■ What needs to be done:
Please reproduce the data exactly and omit the pictures.

■ Source records:
------------------------

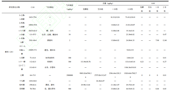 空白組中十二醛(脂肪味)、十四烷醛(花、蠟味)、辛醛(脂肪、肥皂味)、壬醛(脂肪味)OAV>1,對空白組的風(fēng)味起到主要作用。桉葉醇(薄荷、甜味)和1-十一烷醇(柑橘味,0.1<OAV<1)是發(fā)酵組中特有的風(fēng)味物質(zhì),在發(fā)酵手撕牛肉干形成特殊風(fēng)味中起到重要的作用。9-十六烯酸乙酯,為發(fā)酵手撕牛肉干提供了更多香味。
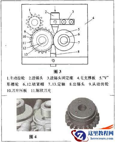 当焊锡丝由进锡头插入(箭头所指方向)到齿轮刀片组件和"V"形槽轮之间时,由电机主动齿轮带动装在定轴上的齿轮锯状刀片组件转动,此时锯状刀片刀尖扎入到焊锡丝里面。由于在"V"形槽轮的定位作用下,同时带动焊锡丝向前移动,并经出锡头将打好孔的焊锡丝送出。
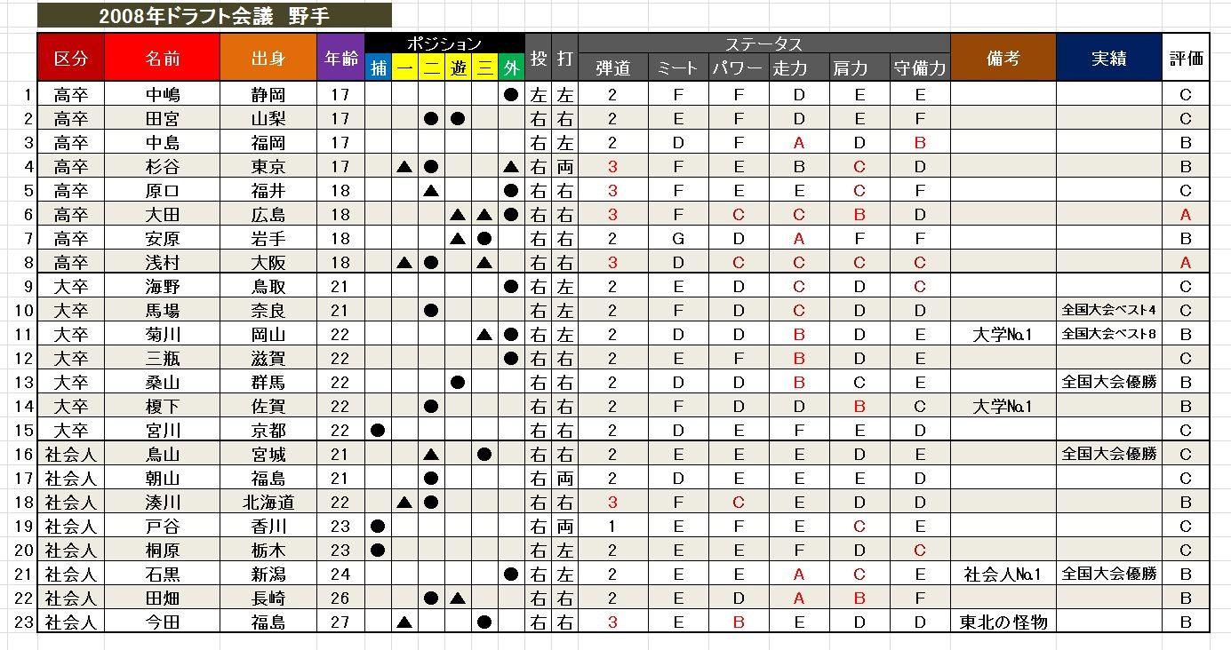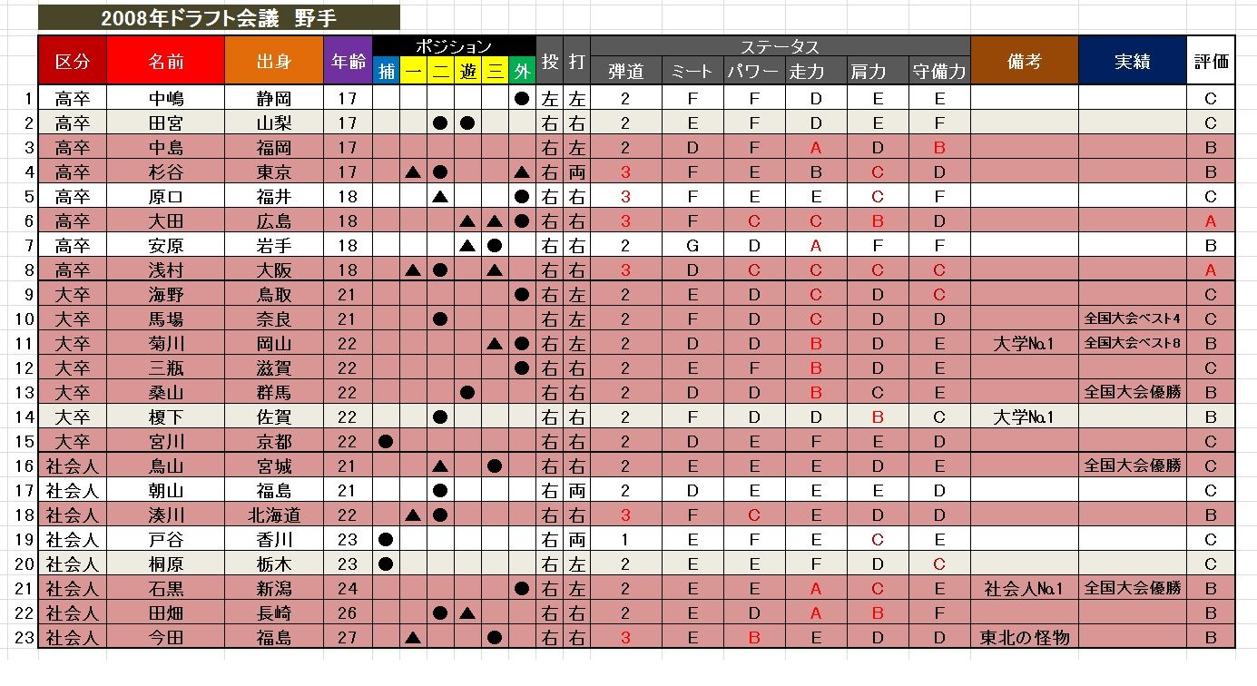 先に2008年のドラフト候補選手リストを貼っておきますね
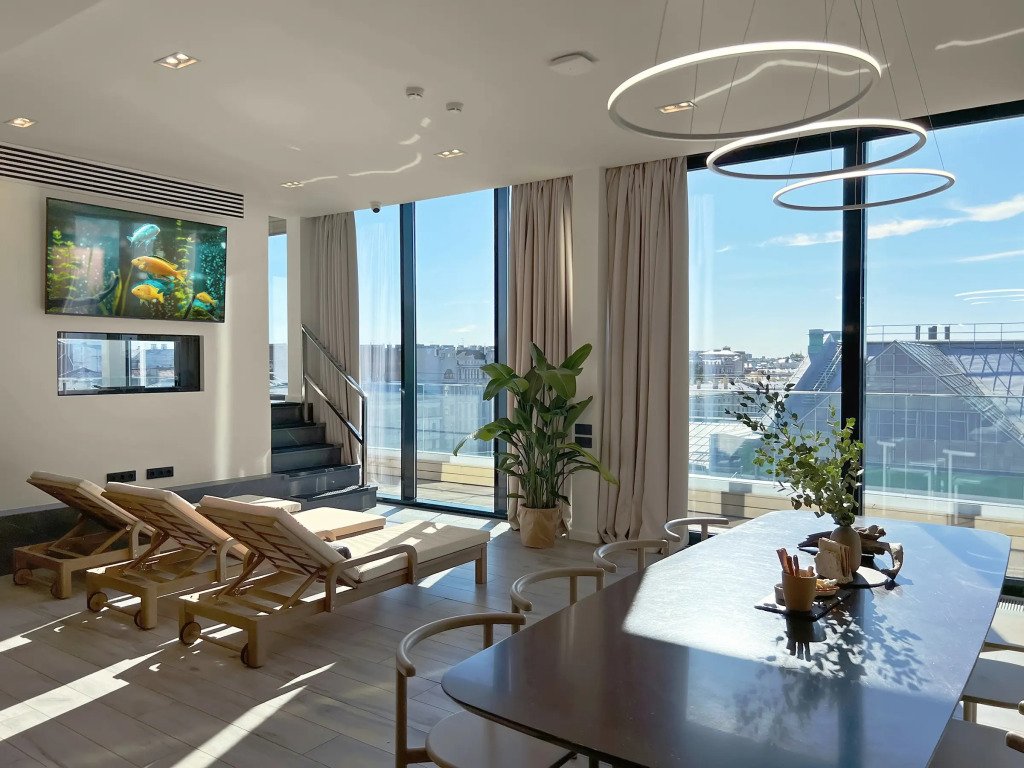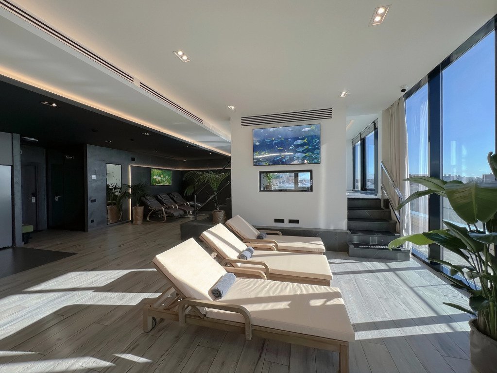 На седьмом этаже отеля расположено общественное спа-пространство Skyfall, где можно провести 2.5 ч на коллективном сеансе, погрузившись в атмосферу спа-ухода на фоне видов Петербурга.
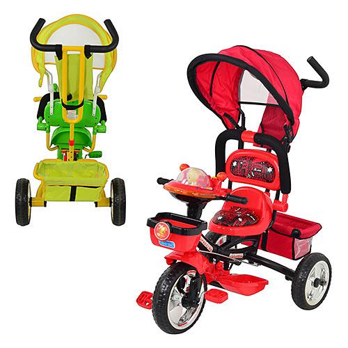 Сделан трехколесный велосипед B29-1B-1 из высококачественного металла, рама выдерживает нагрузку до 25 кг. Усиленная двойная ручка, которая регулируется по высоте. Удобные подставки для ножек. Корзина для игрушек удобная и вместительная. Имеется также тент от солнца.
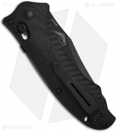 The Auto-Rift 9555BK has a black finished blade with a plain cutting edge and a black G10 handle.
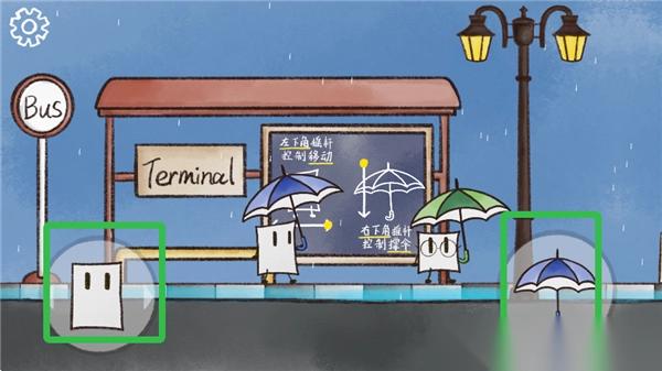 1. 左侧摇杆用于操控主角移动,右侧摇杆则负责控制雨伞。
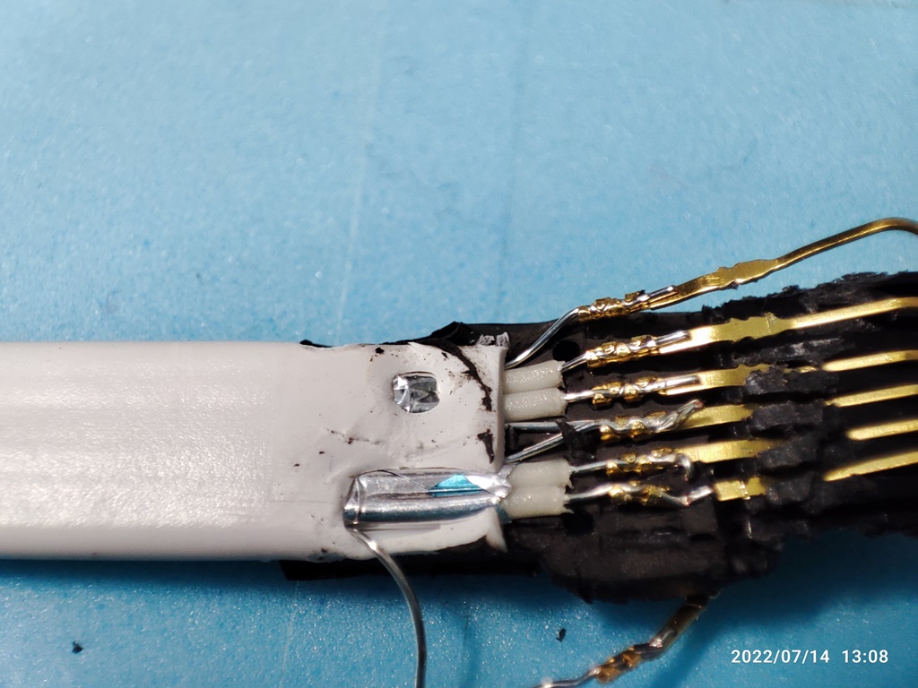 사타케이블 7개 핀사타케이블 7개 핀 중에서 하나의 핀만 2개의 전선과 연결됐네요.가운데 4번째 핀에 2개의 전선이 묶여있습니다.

------------------------

■ Solution:
 空白組中十二醛(脂肪味)、十四烷醛(花、蠟味)、辛醛(脂肪、肥皂味)、壬醛(脂肪味)OAV>1,對空白組的風(fēng)味起到主要作用。桉葉醇(薄荷、甜味)和1-十一烷醇(柑橘味,0.1<OAV<1)是發(fā)酵組中特有的風(fēng)味物質(zhì),在發(fā)酵手撕牛肉干形成特殊風(fēng)味中起到重要的作用。9-十六烯酸乙酯,為發(fā)酵手撕牛肉干提供了更多香味。
 当焊锡丝由进锡头插入(箭头所指方向)到齿轮刀片组件和"V"形槽轮之间时,由电机主动齿轮带动装在定轴上的齿轮锯状刀片组件转动,此时锯状刀片刀尖扎入到焊锡丝里面。由于在"V"形槽轮的定位作用下,同时带动焊锡丝向前移动,并经出锡头将打好孔的焊锡丝送出。
 先に2008年のドラフト候補選手リストを貼っておきますね
 На седьмом этаже отеля расположено общественное спа-пространство Skyfall, где можно провести 2.5 ч на коллективном сеансе, погрузившись в атмосферу спа-ухода на фоне видов Петербурга.
 Сделан трехколесный велосипед B29-1B-1 из высококачественного металла, рама выдерживает нагрузку до 25 кг. Усиленная двойная ручка, которая регулируется по высоте. Удобные подставки для ножек. Корзина для игрушек удобная и вместительная. Имеется также тент от солнца.
 The Auto-Rift 9555BK has a black finished blade with a plain cutting edge and a black G10 handle.
 1. 左侧摇杆用于操控主角移动,右侧摇杆则负责控制雨伞。
 사타케이블 7개 핀사타케이블 7개 핀 중에서 하나의 핀만 2개의 전선과 연결됐네요.가운데 4번째 핀에 2개의 전선이 묶여있습니다.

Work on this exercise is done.